Вообще, за год в Кавказской армии произошло немало перемен. Из газет он знал, что граф Воронцов-Дашков – при нем исполнявший обязанности наместника Кавказа и главнокомандующего армией – в августе был отправлен на почетный отдых и что убеленный сединами старик принял отставку с огромной благодарностью. Знал также, что его место занял великий князь Николай Николаевич, смещенный своим племянником императором Николаем с поста Верховного главнокомандующего, и что государь самолично возглавил русскую армию. Но вот что его действительно удивило в пояснении дежурного офицера, так это то, что наряду с главнокомандующим Кавказской армией, коим теперь являлся великий князь Николай Николаевич, была введена должность командующего все той же армией. И что назначен на нее истинный герой Сарыкамыша – уже генерал от инфантерии – Николай Николаевич Юденич, оставивший прежний пост начальника штаба Кавказской армии в пользу своего генерал-квартирмейстера генерал-майора Болховитинова. Последний, однако, по каким-то неясным причинам оставался в Тифлисе, при новом наместнике Кавказа, а реальным управляющим делами генерал-квартирмейстера полевого штаба Юденича был поставлен полковник Драценко, в бытность ротмистра Листка – подполковник, начальник разведывательного отделения армии, некогда его непосредственный начальник.

Это последнее обстоятельство сначала немало огорчило ротмистра. Именно Драценко был свидетелем его, ротмистра Листка, ранения при раскрытии готовящегося теракта на его императорское величество в Сарыкамыше, и потому именно с ним ротмистр Листок и намеревался встретиться по своему делу.

Однако на удивление и генерал Болховитинов принял его весьма приветливо. Выйдя из-за стола – высокий, подтянутый, с лощеным, круглым, как луна лицом, – он прошел навстречу, протянул руку и, смешно причмокнув мясистыми губами, улыбнулся, растягивая генеральские усы в ровную линию.

– Как же, как же, помню героя, Алексей Николаевич! Никак встали в строй, спаситель Отечества?
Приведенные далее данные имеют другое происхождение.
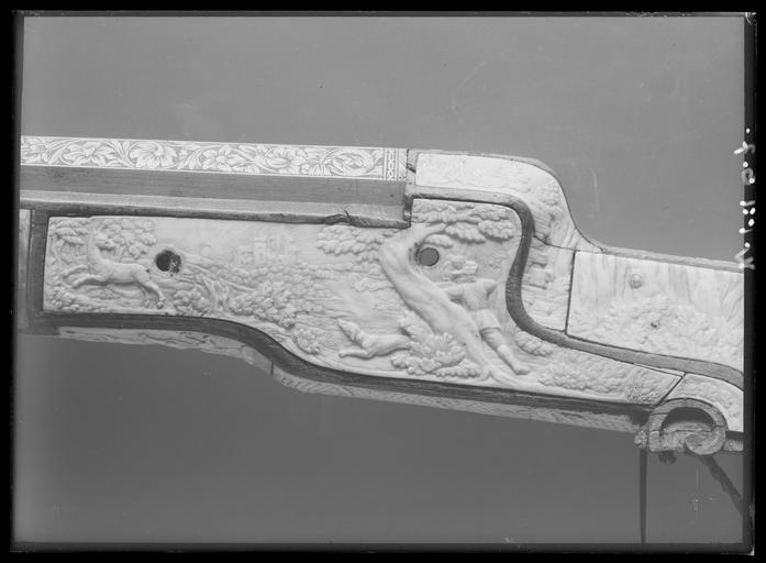Keywords: Hjullåsstudsare, Westphalen cirka 1660 - Livrustkammaren - 10505.tif LSH artwork sv Åttsidig sjuräfflad pipa bombredd 2 8 mm Rektangulärt svansskruvblad På kammaren en sköldformig stämpel med hand och därovanför tre otydliga bokstäver G H N LRK vägl 1921 155 Dekor i form av graverade blomrankor på kammaren runt siktet och bakom kornet På kammaren dessutom ett fält med landskap med en man och fyra springande hundar Riktmedel Ståndsikte av stål med bred u-formig skärm Spolformigt korn av mässing båda inlaxade Fästning Pipan fäst med krysskruv underifrån främre varbygelskruven samt tre pipstift av trä Hjullås av tysk typ plant låsbleck l 205 mm Dekor i form av graverade blomrankor i låg relief mot mörkskrafferad bakgrund Bakom hjulet ett ovalt fält med landskap däri ryttare som förföljer en springande hjort två hundar Utanpåliggande hjul fäst med halvcirkelformig uppåt breddad ring fäst med två skruvar kl 3 och 9 Svängd eldskärm avslutad med horisontell hjärtformig spets Fängpannelock med rörlig arm lockets framkant fasad och försedd med graverad dekor svängt rundat fingergrepp framtill avslutat med ett treflikigt blad Hane med fyrsidig kropp med rundad räfflad utsida ringformig hanhals med stor skärm lös överkäke Hals och käkar graverade som fågelhuvuden Uppåtböjt fingergrepp avslutat med en rund platt med spiralgravering Käkskruv med fyrsidigt huvud upptill koniskt med kulformig avslutning Hanfjäder med fasade kanter konturerad studel med glasögonformig genombrytning Avtryckarstången och fängpannelockets stoppfjädrar blånerade Fästning Två låsskruvar Avtryckare med konturerat och profilerat snälltryck Helstock av rödmålat trä rödbok nästan helt täckt med elfenbensplattor med snidad dekor Kolv av tysk typ med kolvlåda och vinge framtill avslutad med volut Den snidade dekoren föreställer landskap med jaktscener se Hellner Kolvlådelock av elfenben Kolvkula av stål Spetsrörka av elfenben med maskaron Topprörka och näsband samt bakplåten saknas Bred varbygel av stål med tre fingerlägen korta genombrutna armar på bygeln graverad rankdekor samt ovalt fält med landskap med jägare hund och hjort Tillbehör Laddstock av rödmålat trä l 742 mm i ena änden ett invändigt gängat stålrör l 119 mm Gåva till Karl XI från landshövdingen friherre Augustin Leijonsköld 1634-1682 original caption ca 1660 ivory e8 - eldvapen - stockdekor material elfenben - steel e1247 - eldvapen - pipa lås riktmedel och beslag material stål - brass e4 - eldvapen - riktmedel material mässing - beech e3 - eldvapen - stock material rödbok size mm 775 pipa size mm 1068 g 4430 LRK Karl XI av Sverige Augustin Leijonsköld Jakt 1973 Läckö slott Tre Karlar 1984-1985 Trofast - hov och tass i kunglig tjänst 2010-2011 Livrustkammaren Trogna vänner - Kungliga hästar och hundar 2011-2012 Museiverket/Finlands nationalmuseum basutställning G H N hand 1921 155 anv e1 - eldvapen - pipa; anonym pipsmed place of origin original filename LN_B16581_019461 39529 inventory number LRK 2919 10505 CC0 Hjullåsstudsare Westphalen cirka 1660 - Livrustkammaren - 10505-negative tif <gallery caption Different images of same object > File Bössa elfenben - Livrustkammaren - 86497 tif File Hjullåsstudsare Westphalen cirka 1660 - Livrustkammaren - 19075 tif File Hjullåsstudsare Westphalen cirka 1660 - Livrustkammaren - 19100 tif File Hjullåsstudsare Westphalen cirka 1660 - Livrustkammaren - 36190 tif File Hjullåsstudsare - Livrustkammaren - 95342 tif File Hjullåsstudsare Westphalen cirka 1660 - Livrustkammaren - 53308 tif File Hjullåsstudsare Westphalen cirka 1660 - Livrustkammaren - 1978 tif File Hjullåsstudsare Westphalen cirka 1660 - Livrustkammaren - 19067 tif File Hjullåsstudsare Westphalen cirka 1660 - Livrustkammaren - 44747 tif File Hjullåsstudsare Westphalen cirka 1660 - Livrustkammaren - 61869 tif File Hjullåsstudsare Westphalen cirka 1660 - Livrustkammaren - 44748 tif File Hjullåsstudsare Westphalen cirka 1660 - Livrustkammaren - 10538 tif File Hjullåsstudsare Westphalen cirka 1660 - Livrustkammaren - 27629 tif File Bössa elfenben - Livrustkammaren - 86498 tif </gallery> Muskets Media contributed by LSH dim-with multiple size templates Media contributed by LSH 2016-12 |

– Благодарю, ваше превосходительство! – несколько смутившись от неожиданно теплого рукопожатия, произнес Листок. – К сожалению, выписан по третьей категории – «годен для нестроевой и административной». Признаться, Леонид Митрофанович… хотел бы остаться в строю. Затем и прибыл, чтобы просить!
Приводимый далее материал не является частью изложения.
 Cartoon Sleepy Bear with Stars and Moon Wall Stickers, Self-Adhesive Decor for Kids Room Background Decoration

Болховитинов, не дав договорить, жестом показал на кресла, стоящие подле стола:

– Присаживайтесь, Алексей Николаевич, в ногах правды нет!
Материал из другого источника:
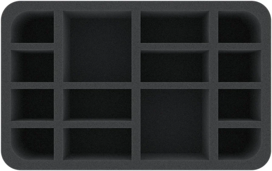 The foam tray provides a safe shelter for all miniatures from the expansion. The two tall Ice Wyrms will get the big compartments. The two Dark Minotaurs, as well as the heroes One Fist and Steelhorns fit into the medium-sized ones. The five Shades and the heroes Karnon and Arvel Worldwalker are distributed into the smaller compartments. The miniature-precise cutting prevents the figures from slipping around and colliding during transport. This will protect painted figures from abrasion. Sensitive details, such as the claws and cloth of the Shades, also remain undamaged.

Они сели. Закинув ногу на ногу и некоторое время помолчав, генерал попросил:

– Расскажите для начала о себе… Как жили после нашей последней встречи?

Листок сначала кивнул, затем пожал плечами:

– Особенно рассказывать нечего, ваше превосходительство. Семь месяцев в тифлисском госпитале, где имел честь получить из ваших рук Святого Георгия, затем три месяца на Кавказских водах подлатывался, да вот дали месяц побывки по ранению. Но прежде хотел встретиться с Драценко, поговорить о своей дальнейшей судьбе. Оказалось, в Тифлисе его нет, так что спасибо, что приняли…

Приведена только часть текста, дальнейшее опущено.